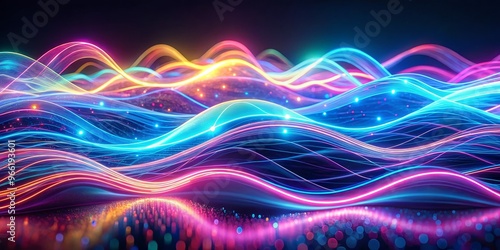 Neon Waves of Light, Abstract, Digital Art, Technology , neon, abstract, light
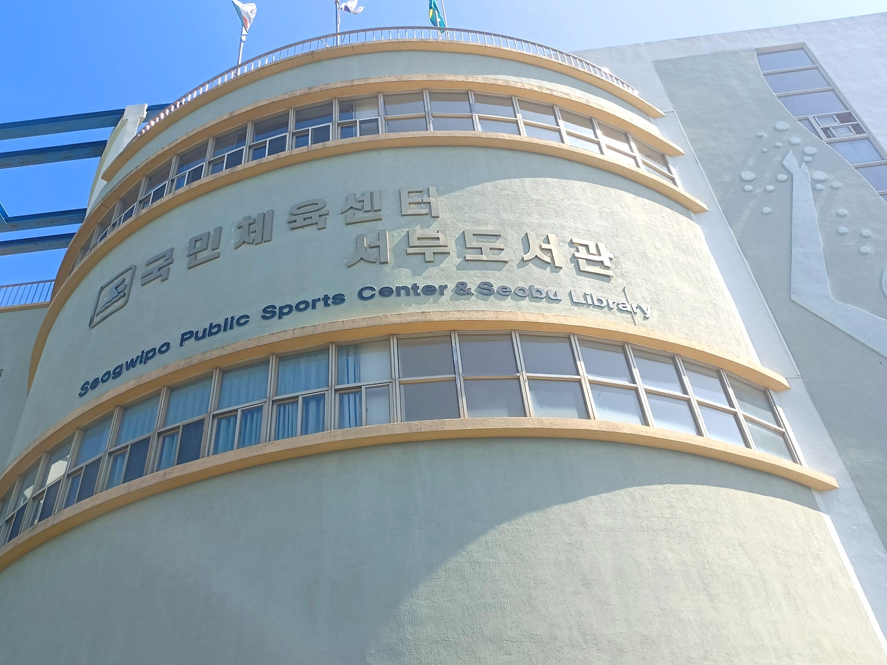 중문보건소 맞은편 서귀포국민체육센터이자 도서관 건물 초입에서다.
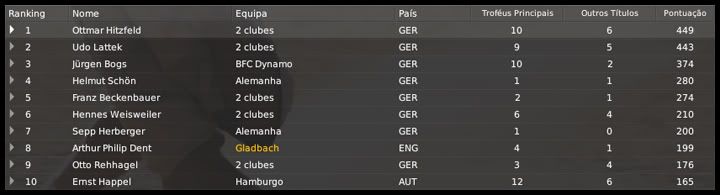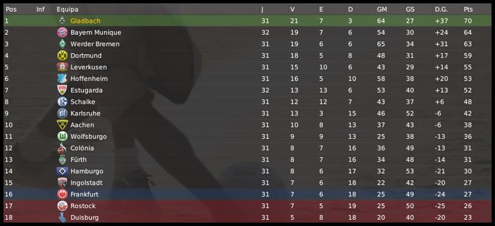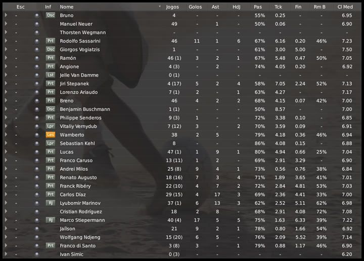 Bruno Trink Postado 21 de Maio 2009 Autor Denunciar Postado 21 de Maio 2009 Posta aí uma screen do time do Atlético. Que curioso jogar a final no Bernabéu. Estou sem o jogo aqui, mas só para você ter uma idéia, a escalação para a final deve ser: Asenjo; Heitinga, Chatzis (newgen), Rafhael (ex-Gladbach) e Esteve (newgen); Gabriel Obertan, Philippe Coutinho, Rafael Carioca e Clive Powell (newgen); Bojan e Agüero. E ainda tem Denis Alibec, Gökhan Inler, João Moutinho, Neri Cardozo... É um timão, principalmente os titulares. 20.05.2017 O tricampeonato na Bundesliga era questão de tempo. Para ser mais exato, questão de um ponto, com mais três partidas restando. Poderia ter acontecido na BayArena, em Leverkusen, na repetição do confronto da final da DFB-Pokal. Não sei o que houve, se foi a difícil classificação para a final da Champions, se foi a proximidade do título. Sei que o foco da equipe não estava ali no campo. Não fizemos um mau jogo, é verdade, mas o Leverkusen foi um pouco mais eficiente e marcou na única real chance de gol do jogo inteiro. Patrick Helmes veio do banco e adiou nosso título. Quis o destino que ele fosse conquistado na nossa casa, onde fomos quase imbatíveis. A única derrota do time no Borussia-Park foi contra o Real, mas foi uma derrota com sabor de vitória pela classificação. Nosso adversário era o Hansa Rostock, lutando contra o rebaixamento, num jogo isolado, adiado por causa da final da DFB-Pokal. Todos os olhos da Alemanha estavam em Mönchengladbach. O time foi avassalador, um verdadeiro rolo compressor. Atropelamos o Rostock. Com pouco mais da metade da 1ª etapa, o placar já marcava 4 a 0. Não tinha mais o que fazer, só esperar o tempo passar e comemorar mais um título. Na última rodada, jogo de entrega das faixas. O Schalke 04 já não buscava mais nada, estava fora da briga por vagas nas competições européias. Optei por escalar um time quase titular, a final da Champions é somente daqui a uma semana. Precisava manter a equipe com ritmo. A exemplo da partida anterior, nosso início foi excelente. Ariaudo abriu o placar, de cabeça, aos 8 minutos. O argentino Franco Caruso ampliou, aos 28, com um belo chute cruzado e Jaílson, quase no final, fez 3 a 0. Marinov fez o quarto, um golaço num remate cruzado, de muito longe, no ângulo. O Schalke ainda diminuiu, mas nada que manchasse nossa vitória e a comemoração da torcida e do time. Uma conquista indiscutível. Começamos muito bem o campeonato, tivemos um período de desequilíbrio no final da primeira metade, mas nos recuperamos depois da parada de inverno e disparamos para o título. Bayern e Werder Bremen ficaram sempre a uma distância considerável de nós. A decepção ficou pelo rebaixamento do tradicional Eintracht Frankfurt. Citar

══════

Task details: Reproduce the opening lines of the material above exactly, ending with the line that contains "중문보건소 맞은편 서귀포국민체육센터이자 도서관 건물 초입에서다.". Omit every picture.

Answer to this problem:
 Neon Waves of Light, Abstract, Digital Art, Technology , neon, abstract, light
 중문보건소 맞은편 서귀포국민체육센터이자 도서관 건물 초입에서다.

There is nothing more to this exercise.